The standard of initial decisions is variable, but government can improve by engaging in organisational learning. This requires departments consciously to assume responsibility to understand the causes of poor decisions, and to seek to improve. They should seek to identify appropriate lessons from both failures and successes and expand their capacity to learn from the past to improve for the future. In particular, tribunal decisions contain much useful data on the quality of decision-making and on the nature of decision-making. Departments should collect and analyse such feedback and enter into dialogue with tribunals and other bodies. Some have made initial efforts to learn from tribunals, but much more could be done. Only if departments are able to improve the quality of their own learning, will we then start to see better quality initial decisions.

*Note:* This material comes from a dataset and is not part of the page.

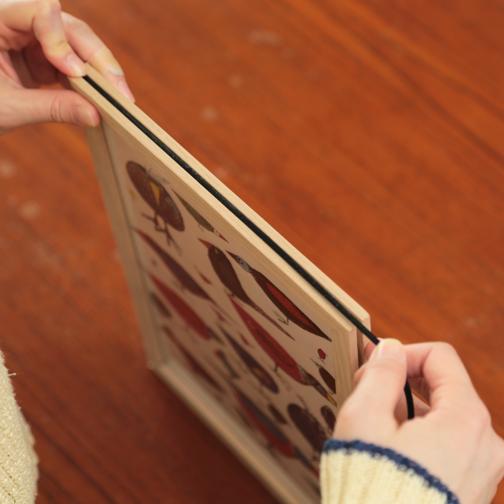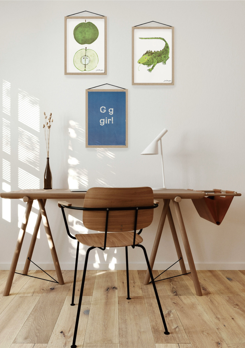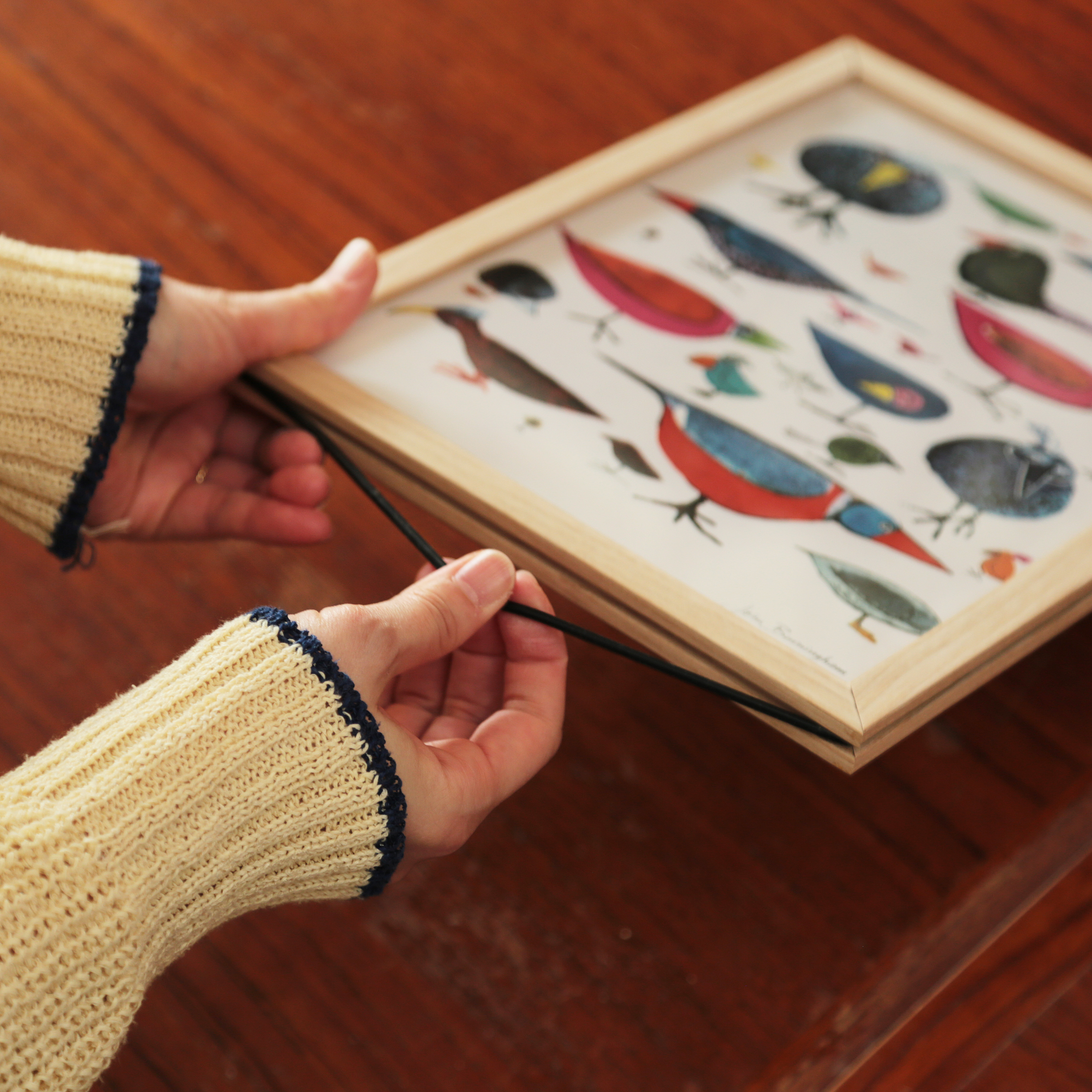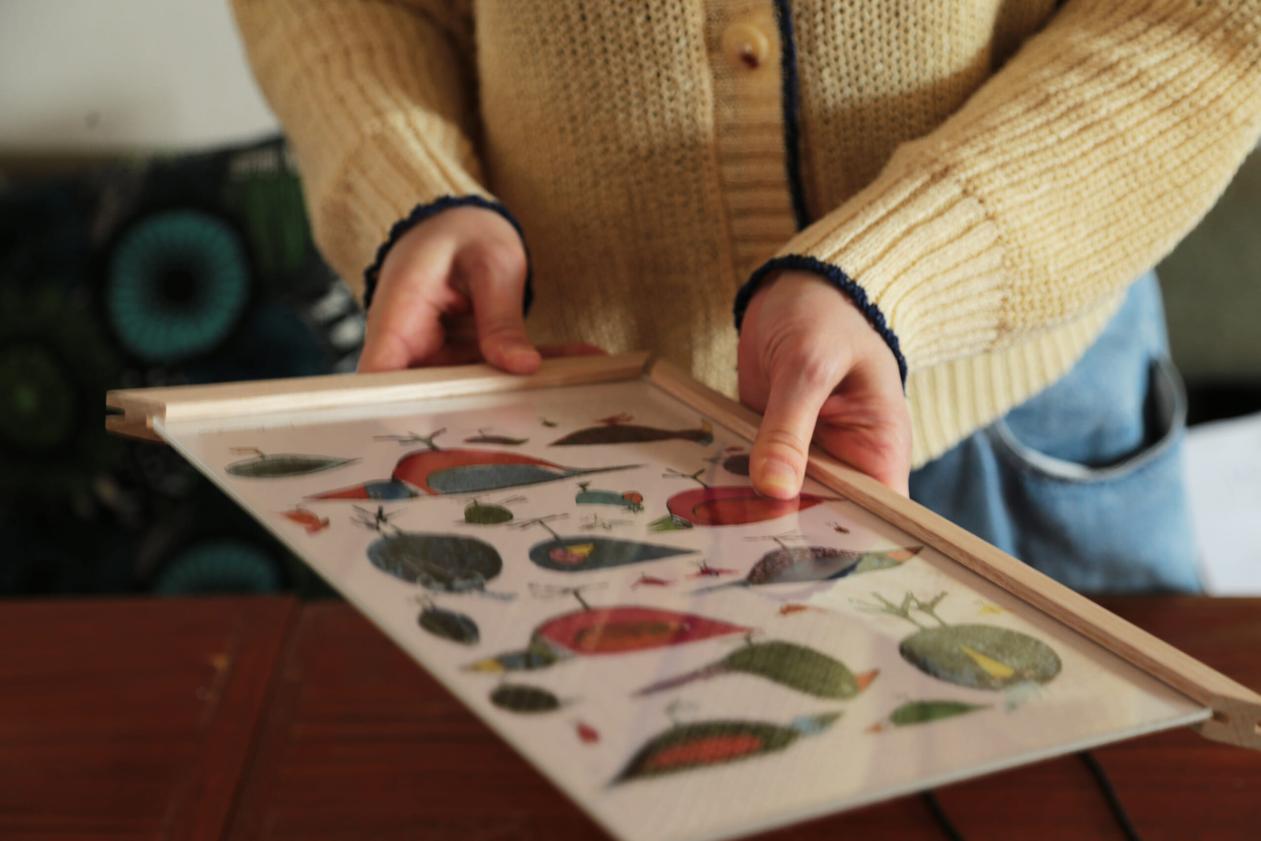 日々の暮らしの中にさりげなく溶け込むよう、ポスターフレームに仕立てました。その日の気分に合わせて、イラストとフォント、それぞれの魅力をお楽しみいただけます。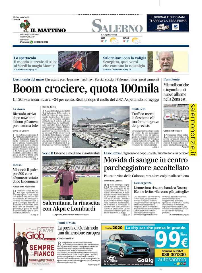 Boom crociere, quota 100mila. Un 2019 da incorniciare: +34 per cento. Risalita dopo il crollo del 2017. Aspettando i dragaggi. L’economia del mare. E in estate ecco le prime maxi-navi. Servizi costieri, Salerno traina i porti campani

Robert Thomas is Professor of Public Law at the School of Law, University of Manchester.

This blog post draws upon a forthcoming paper in Public Law, available here.

Originally published on the UK Constitutional Law Association blog and reposted here with kind permission of the author and the UKCLA. Suggested citation: R. Thomas, ‘Administrative Justice, Better Decisions, and Organisational Learning’ UK Const. L. Blog (9 September 2014) (available at http://ukconstitutionallaw.org)

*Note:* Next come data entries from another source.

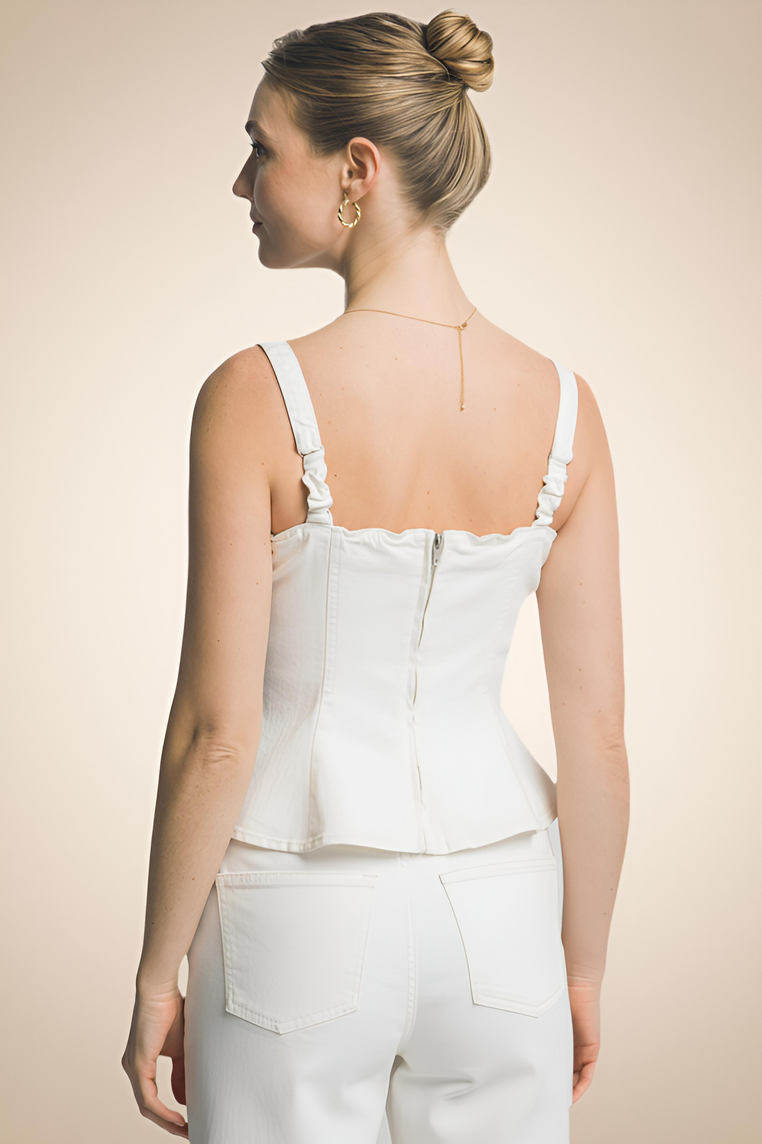 A women’s top featuring a minimalist and elegant design, crafted from a soft, structured fabric that flatters and enhances the silhouette. It features a straight neckline and slender straps, lending a modern and sophisticated style that is ideal for creating clean, polished looks.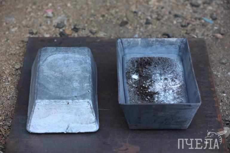 Остывает алюминий быстро — через 15 минут формы переворачивают, получаются слитки. После полного остывания их взвешивают и маркируют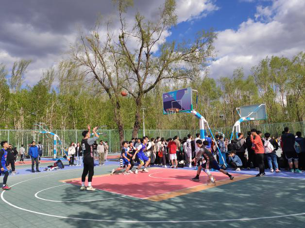 在中心校区行政楼旁篮球场举办的男子小组赛中,成人抖音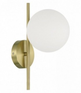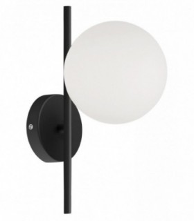 Aplique con una luz apta para espacios domésticos de estilo art-deco. De diseño sobrío y elegante, está realizada en cuerpo metálico con pantalla esférica de cristal blanco y disponible en dos colores; negro y latón...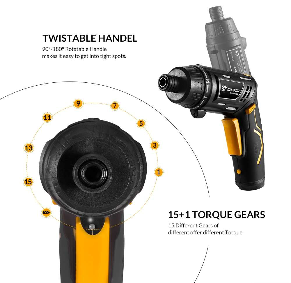 Беспроводная электрическая отвертка DEKO DCS3.6DU2 идеально подходит для сборки мебели, установки мини-жалюзи или других оконных покрытий, а также монтажа хранения и декоративных стеллажей.

About UK Administrative Justice Institute

Funded by the Nuffield Foundation, we link research, practice & policy on administrative justice in the UK


One thought on “Analysis: Robert Thomas – Administrative Justice, Better Decisions, and Organisational Learning

  1. I took great inspiration from the sadly defunct AJTC. I found their content educative on a personal level as a citizen and at practitioner level. However one of the few things that they got wrong, is the “right first time” policy for public body decisions, specifically with reference to social security. What they missed is the operation of the supersession and revision rules, which modify the legal concept of finality in the world of administration so that social security decisions can be justiciable. The AJTC missed that for the rules to work effectively, the claimant needs to cooperate with the administering authority at the outset and continually beyond that. This is an onerous expectation for the claimant as real life has it that changes in their circumstances will be reported late or not at all. The AJTC did not take into account how many first time decisions were incorrect due to unintentional misrepresentations on behalf of the claimant which had to be corrected later. Certainly it helped public authorities reduce their errors, but this is only half the story, the policy recommendation provided only a partial solution to the quality of poor first time decisions.